It is explanatory drawing which illustrates notionally the aspect at the time of performing battery abnormality detection using the battery abnormality detection apparatus which concerns on Example 1 of this invention. 2A is a plan view of the entire battery, and FIG. 2B is a cross-sectional view of the entire battery. 3 (a) is an enlarged cross-sectional view of part A of FIG. 2 (b), FIG. 3 (b) is an enlarged cross-sectional view of part B of FIG. 3 (a), and FIG. 3 (c) is a view of FIG. It is an expanded sectional view of the C section. It is explanatory drawing which illustrates more conceptually the aspect at the time of detecting the abnormality of a battery by carrying out enlarged display of the partial cross section of the laminate film. It is explanatory drawing which illustrates notionally the aspect at the time of performing battery abnormality detection using the battery abnormality detection apparatus which concerns on Example 2 of this invention. It is explanatory drawing which illustrates more conceptually the aspect at the time of detecting the abnormality of a battery by carrying out enlarged display of the partial cross section of the laminate film.

Explanation of symbols

1 Positive electrode plate (positive electrode active material, positive electrode conductive material, positive electrode binder)

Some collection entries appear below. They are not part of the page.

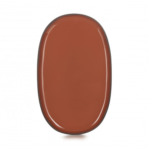(CO1335N-254) Service Plate, 14" x 8-1/2" x 1"H oval, oven, microwave, freezer & dishwasher safe, porcelain, cinnamon, Caractere (US stocked item)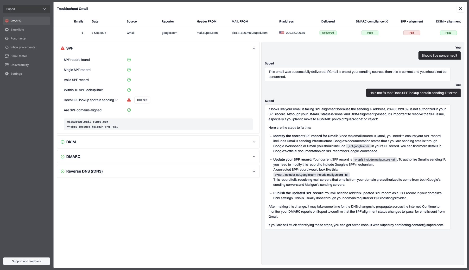 DMARC copilot that pinpoints failures and prescribes the exact fix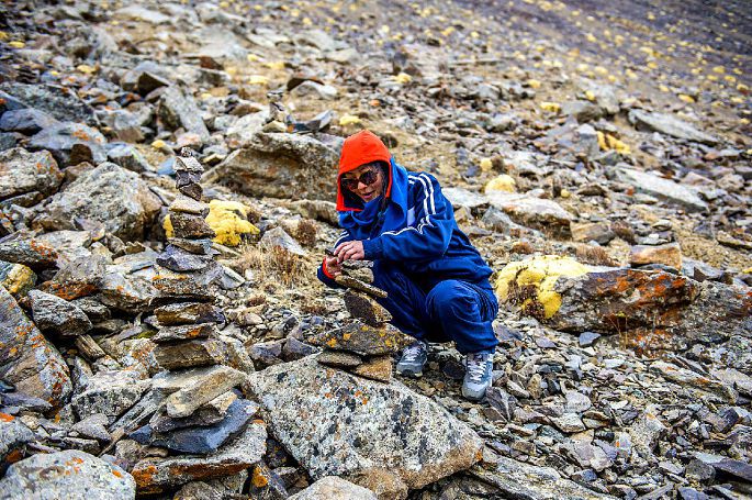 走到这里,看到许多用石头垒砌起来的玛尼堆,很有意思!我也想在这垒砌一个。由于亚父的催促,我只能匆匆垒起了一个8层的玛尼堆,比起旁边那座18层的,实在是太逊色了。呵呵!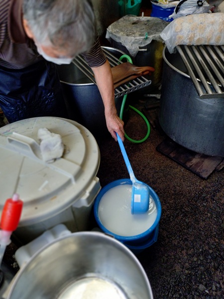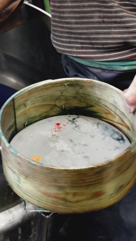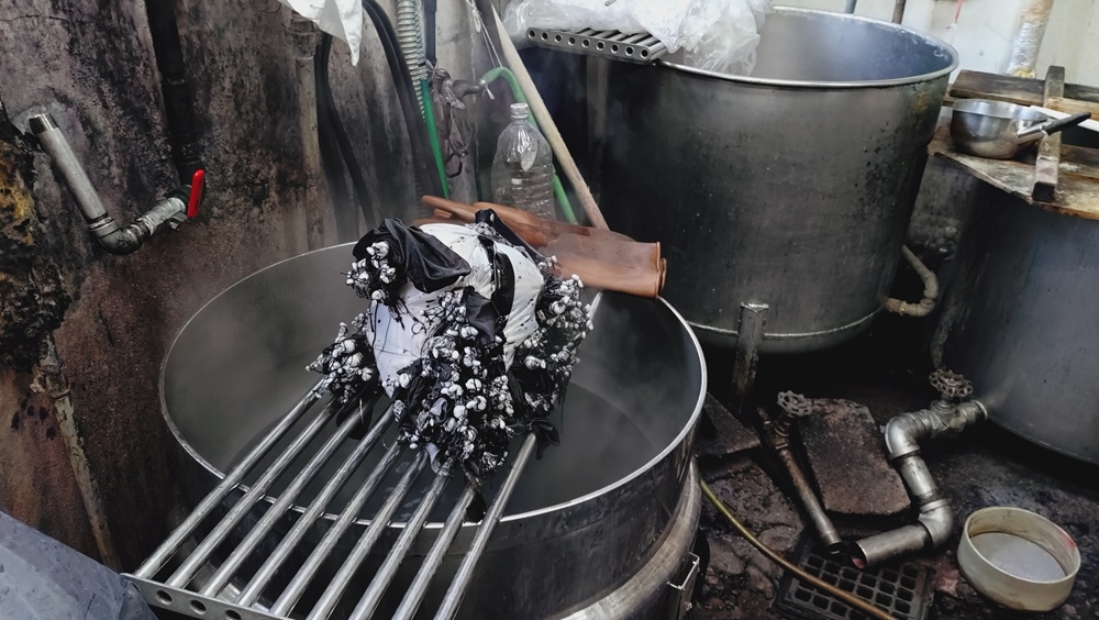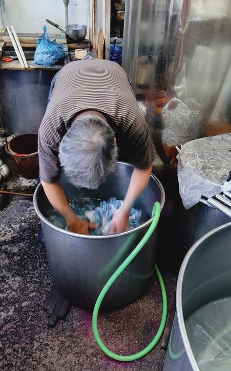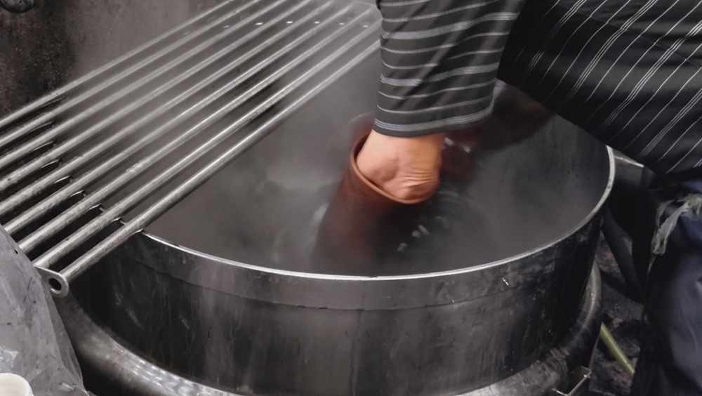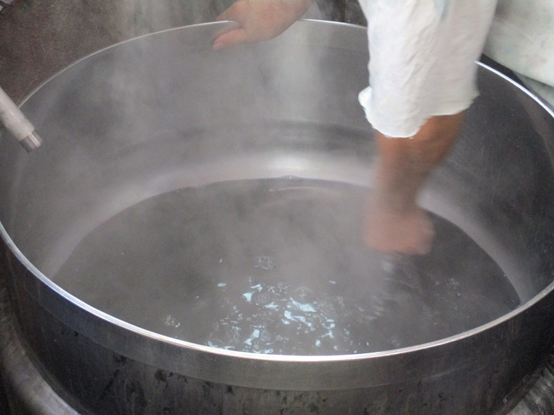 →染料と助剤を釜に入れてなじませる

6 Positive current collector 7 Separator 8 Electrolyte 2 Negative electrode plate (negative electrode active material, negative electrode conductive material, negative electrode binder)
DESCRIPTION OF SYMBOLS 12 Negative electrode collector 14 Positive electrode tab 15 Negative electrode tab 16 Polypropylene film 17 Laminate film 18 Electrode laminated body 23 Protective layer (nylon layer)

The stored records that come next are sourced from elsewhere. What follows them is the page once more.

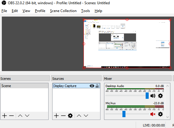You’ll now have your display appear in the OBS Broadcaster dashboard. This option is perfect if you’d like to be able to record your whole display and any programs you have open.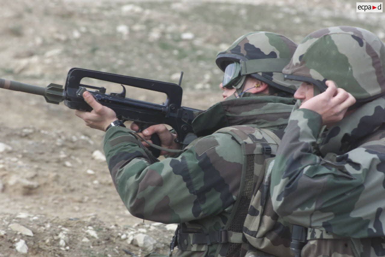 - Entraînement au tir d'une section de la 3e compagnie du 21e RIMa (régiment d'infanterie de marine) à Mazar e Charif. Tir de grenades à fusil avec un FAMAS pendant la séance.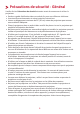 • Ne placez pas de liquides sur le projecteur, ni à proximité. Tout déversement pourrait être à l’origine d’une panne. Si le projecteur devait être mouillé, débranchez-le de l’alimentation et contactez votre service d’assistance local pour une réparation. • De l’air chaud et une odeur particulière peuvent s’échapper de la grille de ventilation lorsque le projecteur est sous tension. Il s’agit d’une situation normale et non d’une défaillance.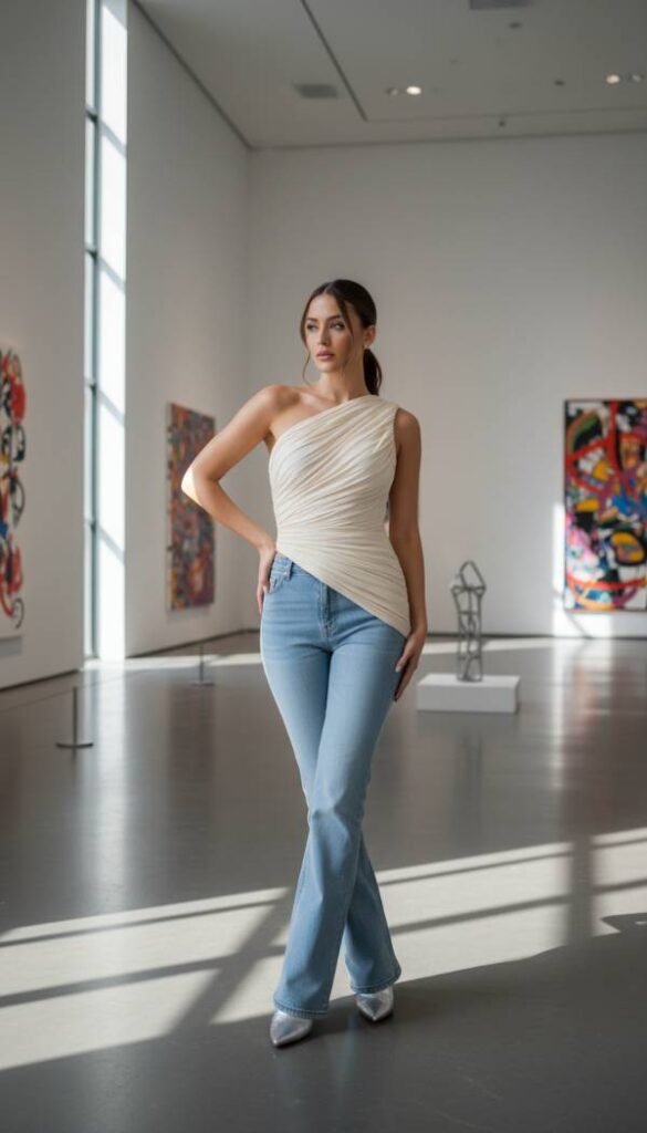 Embrace architectural forms with an artfully draped, one shoulder top in a rich jewel tone, paired with clean wash light blue flare jeans. The top’s unique silhouette provides a compelling focal point, transforming a simple outfit into a high fashion statement. Complement with minimalist strappy heels and delicate gold tone earrings to maintain the refined aesthetic. This look speaks to a discerning taste for modern design, showcasing how sculptural elements can elevate everyday denim into something truly extraordinary. It is an ensemble for the woman who appreciates innovation and understated drama in her attire.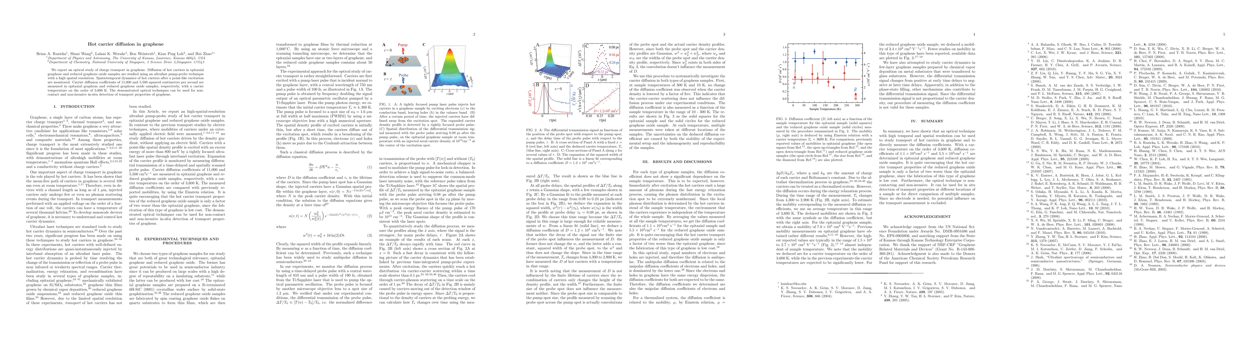 This study investigates charge transport in graphene using ultrafast optical techniques, finding hot carrier diffusion coefficients of 11,000 and 5,500 cm²/s in epitaxial graphene and reduced graphene oxide respectively, with carrier temperatures around 3,600 K. The techniques enable non-contact, non-invasive in-situ detection of graphene transport properties.

24 Adhesive layer 25 Metal layer (aluminum alloy layer)
27 Polymer resin layer (polypropylene resin layer; insulating layer)

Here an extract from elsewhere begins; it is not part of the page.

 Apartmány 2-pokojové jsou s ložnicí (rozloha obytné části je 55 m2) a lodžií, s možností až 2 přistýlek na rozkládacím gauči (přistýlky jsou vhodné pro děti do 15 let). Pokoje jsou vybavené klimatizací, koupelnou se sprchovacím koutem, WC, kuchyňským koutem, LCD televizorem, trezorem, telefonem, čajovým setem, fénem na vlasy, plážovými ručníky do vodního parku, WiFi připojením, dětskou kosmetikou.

30 Defective part 41, 51 Measuring instrument 42, 43, 52, 53 Measuring terminal

Claims (4)

The power generation element formed by laminating the positive electrode plate and the negative electrode plate and the electrolytic solution are sealed inside the exterior body using a laminate film in which the surface of the metal layer is covered with an insulating layer, and the power generation element is electrically A battery abnormality detection device in which electrode terminals of a positive electrode and a negative electrode connected to the outside are led out to the exterior body,
A power source for applying a voltage between the laminate film and one of the positive electrode and negative electrode terminals;
Resistance measuring means for measuring a resistance value between the laminate film and one electrode terminal at the time of voltage application;
Defect presence determination means for determining the presence or absence of defects in the insulating layer of the laminate film based on the measured resistance value;
A battery abnormality detection device comprising: The power generation element formed by laminating the positive electrode plate and the negative electrode plate and the electrolytic solution are sealed inside the exterior body using a laminate film in which the surface of the metal layer is covered with an insulating layer, and the power generation element is electrically A battery abnormality detection device in which electrode terminals of a positive electrode and a negative electrode connected to the outside are led out to the exterior body,
An AC power supply that applies an AC voltage between the surface of the laminate film and one of the positive electrode and negative electrode terminals,
Resistance measuring means for measuring a resistance value between the laminate film and one of the electrode terminals when an alternating voltage is applied;
Defect presence determination means for determining the presence or absence of defects in the insulating layer of the laminate film based on the measured resistance value;
A battery abnormality detection device comprising: The power generation element formed by laminating the positive electrode plate and the negative electrode plate and the electrolytic solution are sealed inside the exterior body using a laminate film in which the surface of the metal layer is covered with an insulating layer, and the power generation element is electrically A battery abnormality detection method in which positive and negative electrode terminals connected to the outside of the exterior body are led out,
A voltage is applied between the laminate film and one of the positive electrode and negative electrode terminals, and insulation of the laminate film is performed based on a resistance value between the laminate film and the one electrode terminal at that time. A method for detecting an abnormality of a battery, comprising determining whether or not a layer has a defect. The power generation element formed by laminating the positive electrode plate and the negative electrode plate and the electrolytic solution are sealed inside the exterior body using a laminate film in which the surface of the metal layer is covered with an insulating layer, and the power generation element is electrically A battery abnormality detection method in which positive and negative electrode terminals connected to the outside of the exterior body are led out,
An alternating voltage is applied between the surface of the laminate film and one of the positive electrode and negative electrode terminals, and based on the resistance value between the laminate film and one of the electrode terminals, A method for detecting an abnormality of a battery, characterized by determining the presence or absence of a defect in an insulating layer.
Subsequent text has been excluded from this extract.